The 7 Green Building Techniques We Used to Design Our Dream Home

When my husband and I decided to build a house in Sweden, we were under no impression that it be smooth sailing. Our green-ish standards (some musts, some dreams) would require extra work.

Especially with two little kids along for the ride. But when we found the land three years ago – a little over 12 acres, located in the very southern part of Sweden, close to stunning coastlines, epic beech tree forests, and nature reserves, as well as bigger cities like Copenhagen and Malmö – we knew we’d hit the jackpot. So we rolled up our sleeves and began.

The idea was: Build a foundation, four walls, and a roof, and incorporate all the eco-friendly ideas, materials, and systems we had the time and budget to handle. Here are some of the more earth-kind choices we ended up being able to use in the building process.

Clay plaster

We have been lucky to work with one of Sweden’s greatest clay experts, Hanna Nilsson, and sourced local clay for plastering the walls. Some of the benefits of clay plaster are: It makes your walls non-toxic and 100% natural, lowers the exposure of electro-magnetic radiation, and creates an incredible indoor environment by balancing humidity and clearing indoor airborne toxins.

Editor’s Note: Clay naturally produces negative ions, which repel the dirt and grime that normally build up on walls. It also feels amazing to touch – the end result is very alive and natural. Plus, the cost is comparable to standard plaster, most of which has toxic components.

Creamy plaster walls around a picture window.


Tadelakt is a very old way of applying traditional Moroccan lime-based plaster that’s been used for centuries upon centuries (fun fact: It was used all through the Roman empire in aqueducts and baths).

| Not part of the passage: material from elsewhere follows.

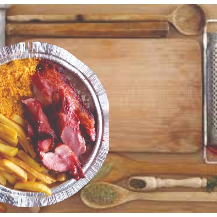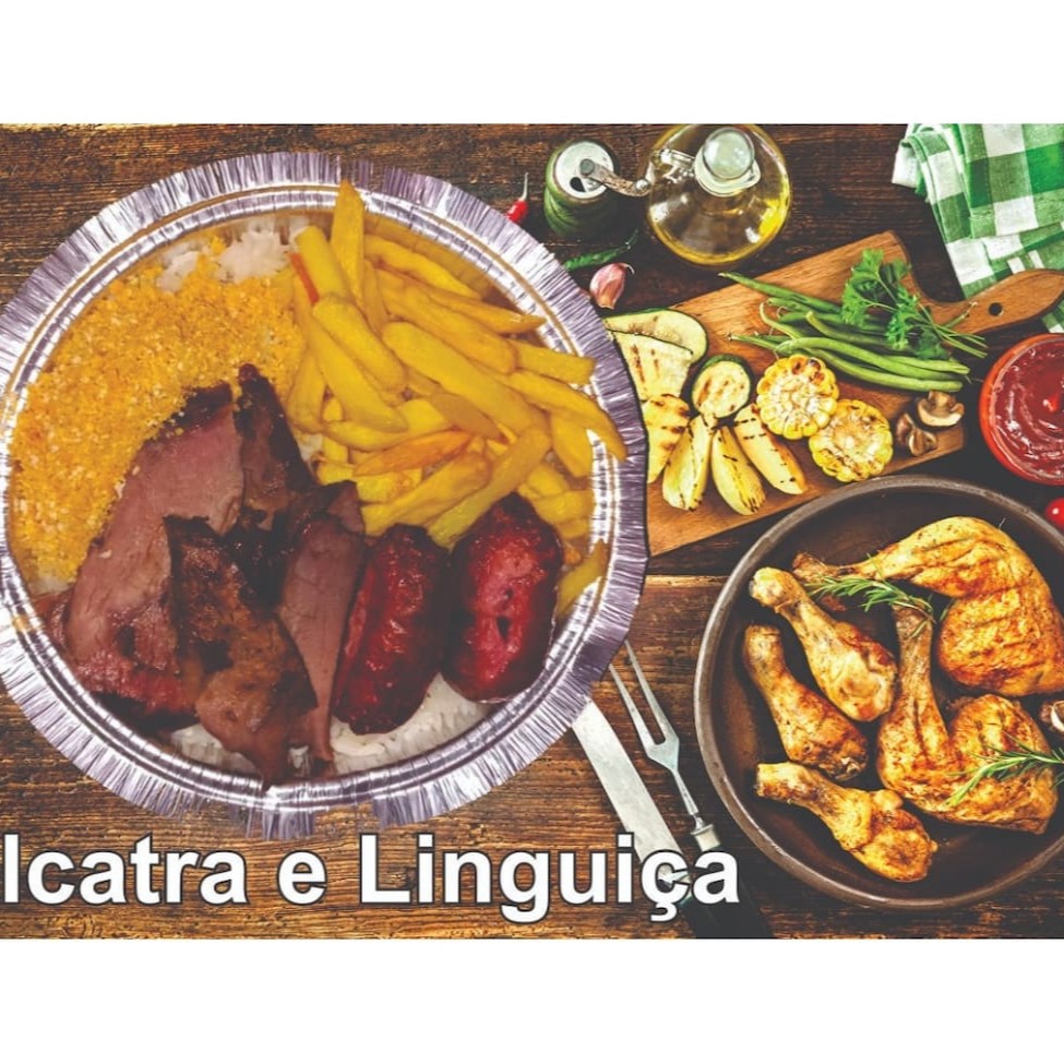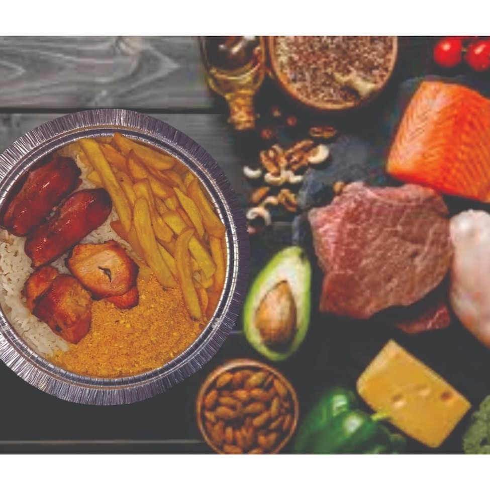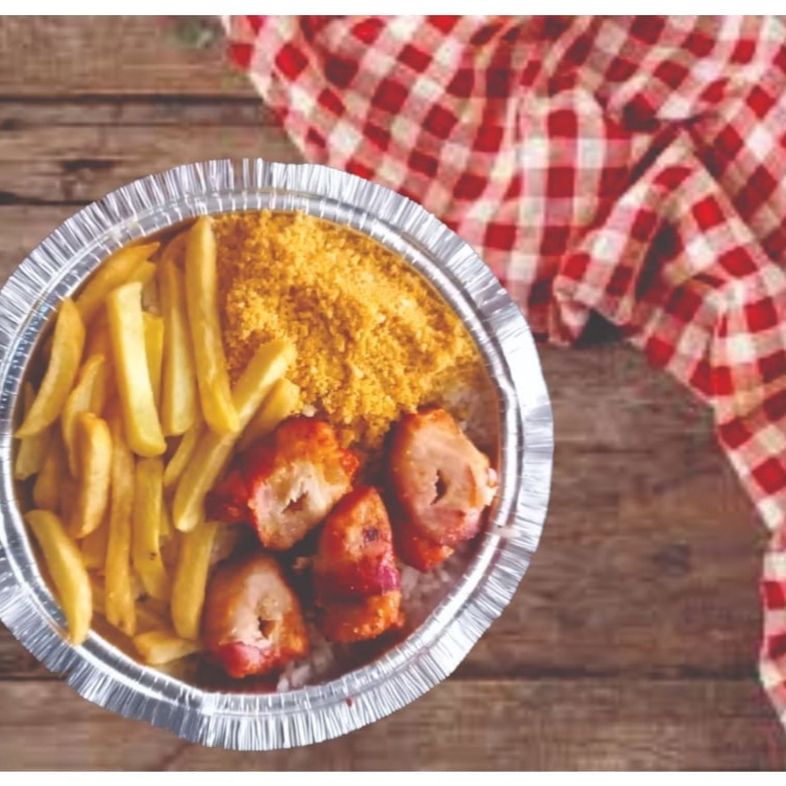 acompanha arroz feijao batata fritra farofa 2 linguiças e 2 medalhao de frango

This gem of a plaster is breathable and, if well-made, works as if waterproof without needing any chemicals. It’s made of Moroccan lime, water, and pigment if you want to color it. Simple.

The application method is not as simple – for example, during the last two steps of sealing the pores of the plaster and creating that trademark smooth surface, you use two different gem stones! – but the result is incredibly unique. My mum and I were guided by the brilliant Stucco Italiano, who helped us tadelakt the bathroom. It’s labor intensive to create but it’s a work of art.

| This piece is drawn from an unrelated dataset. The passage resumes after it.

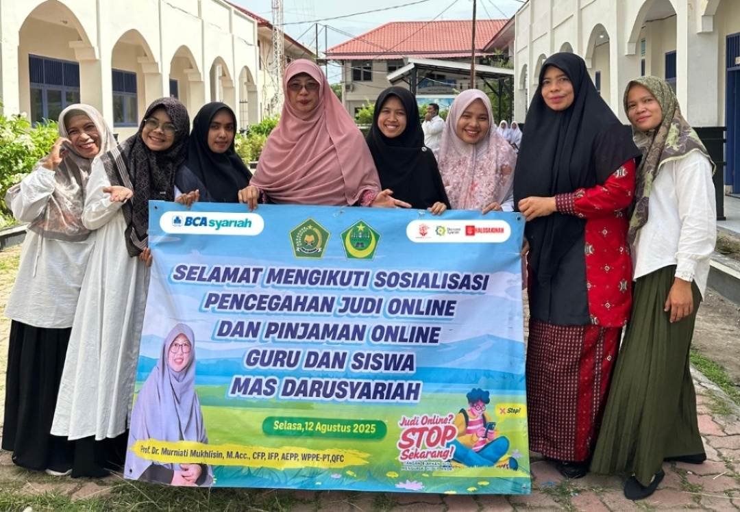 EMSATUNEWS.CO.ID – BANDA ACEH – Sakinah Finance, sebuah lembaga asal Kota Bogor yang aktif dalam penyampaian literasi dan edukasi syariah kali ini berada di Banda Aceh. Pendiri sekaligus Motivator Sakinah Finance, Murniati Mukhlisin mengadakan sosialisasi pencegahan dan penanganan pinjaman online (pinjol) dan judi online (judol) di Madrasah Aliyah Swasta Darusyariah binaan Masjid Raya Baiturrahman, Banda Aceh.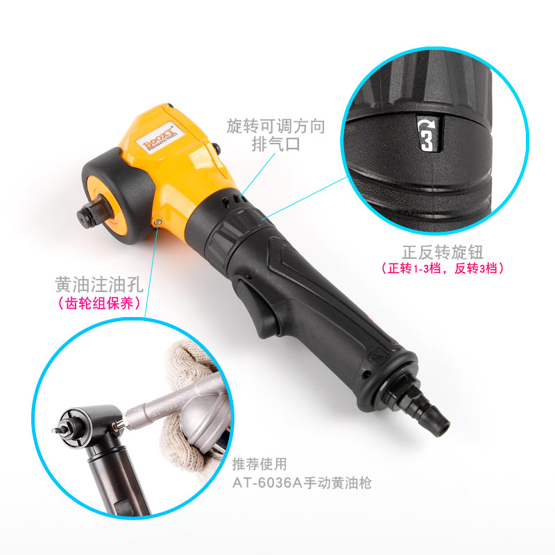 氣動扳手彎頭特點(diǎn):(重力壓鑄外殼,強(qiáng)度更高不變形,提高耐用度)

The texture of the tadelakt bathroom walls is unbeatable (and waterproof!).

Paint + Finishes

We used two kinds of paint in the house: locally-produced white flax oil paint for all wood panels and egg oil temperas (made of eggs, water, flax oil, and natural pigment; not to be confused with ‘tempuras’, which should stay in cooking and be kept off walls) for all clay plastered walls.

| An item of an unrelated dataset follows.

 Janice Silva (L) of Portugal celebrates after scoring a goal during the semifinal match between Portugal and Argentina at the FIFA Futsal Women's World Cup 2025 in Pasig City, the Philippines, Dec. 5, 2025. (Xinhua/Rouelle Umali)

The latter was quite the adventure, and I loved the process so much. Few things inspire me more than using materials that can go back to the earth as is, if there are leftovers, which is possible with both of these paints. For the doors we used two differently pigmented natural wax blends: for the stairway and wood floors, a white-pigmented flax soap with some added beeswax for extra durability; and for the concrete floors we used a natural wax blend, specifically made for concrete.

Flax soap blended with beeswax gave the stairs a glossy white tint, and the floors were also waxed.


The indoor roof, second floor walls, and floors are all FSC wood (Forest Stewardship Council), which lets us know that the wood has been sourced with care, in a way that supports sustainable forestry. Using reclaimed wood is an even better idea if you can find a good source near you.

A sustainably-sourced second floor that’s also very open to the rest of the house.

Insulation + Walls

This was a tough one in terms of cost, and we ended up having to use EPS (styrofoam) insulation in the foundation to make budget. Our walls are built with 50cm-thick lightweight concrete blocks – these are full of air-pockets that in themselves act as insulation, so our first floor is covered this way. An even greener (but pricier) choice would be to use similar blocks made of terra-cotta. Our roof and second floor are insulated with cellulose made of recycled paper by iCell, which is free of toxic flame retardants.

Behind the plaster, concrete blocks insulate the first floor walls.


Because we have so much land, the best option for us was geo-thermal heating which we have built into the foundation. This way, we only had the initial cost of the installation and then the earth provides the rest. We also built a Finnish mass oven which as the name indicates has the ability to hold and evenly distribute heat thanks to its mass. (One single mass oven can, if placed in the right spot, provide an entire home with all the heat it needs, if it’s used every other day – no electricity needed!) This beauty also has a baking oven, so sourdough pizza parties are definitely in our future.

This Finnish mass oven is capable of heating an entire house without electricity!

Sewage system

One of the things that required plenty of research was finding a good sewage system. We went with Alnarp Clearwater, which utilizes the properties of specific water plants and bacteria to filter all water coming from the house.

Countless studies of this specific system have been done and the water released into nature from an Alnarp Clearwater is much cleaner than any state-run system. Plus, it requires the addition of zero chemicals and does not cost a dime to manage as opposed to other sewage systems available. Using freshwater to flush toilets is of course insane, but this was the thing that worked best for us where we are now.